I totally get where she's coming from. It feels like there's so little time left you just want to get there.
I live it too. I teach yoga classes, looks like I might be selling Arbonne, doing whatever it takes to try to pull something together financially but damnit that's just not the whole of it. Not the whole of who I am. There's a much bigger picture. I want to write and direct films. Nothing in my life except the words that I type here resemble that possibility in any way. (Chew on that.)
I will be a director. I am a writer. Baby steps. Whatever. Being on a time table? What-ever.
We think we're chasing this dream and it's part of a different life and once that dream comes true we'll have this "other" life: the dream life.
it's really hard to see that there's just one life. All ya get.
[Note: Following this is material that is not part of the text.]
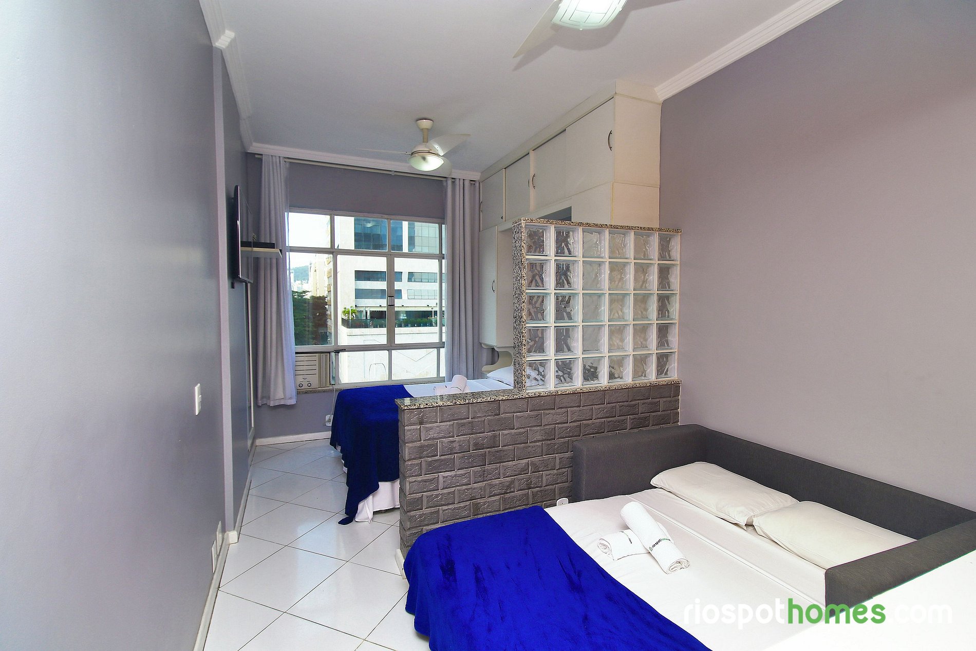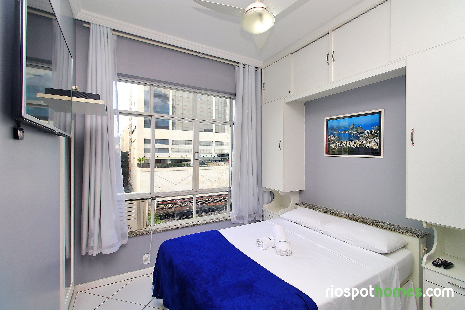 Modern apartment with beautiful views of Copacabana beach for up to 4 people in Copacabana. This incredible apartment is located on the first block of Copacabana beach with a wonderfull view to the most famous beach in the world. This propertie includes a comfortable double bed, 1 double sofa bed, air conditioning, 1 ceiling fan, 1 bathroom, full kitchen with all the electros and utensils, cable TV and Wi- fi. Close to bars, restaurants, banks, pharmacies 24hrs and public transport, this is an ideal place for small families, couples or group of friends. Book your lodging in Rio!

You better get busy living, or get busy dying. All the little things, the seemingly abstract things are all on "the path." It's all to pursue the dream. When your dream is living. Live it all up. It's messy. It's funky.
It even smells funky. (I'm in the throes of potty training.)
But it's human and divine.
Let me ask you this?
Do you see how we always seem to default to the position, to the observation, to the analysis (sweet analysis) that beats us up the most?
I'm unlovable.

Well that's mine.
Go get your own.

And how is beating ourselves up getting us any closer to our dream?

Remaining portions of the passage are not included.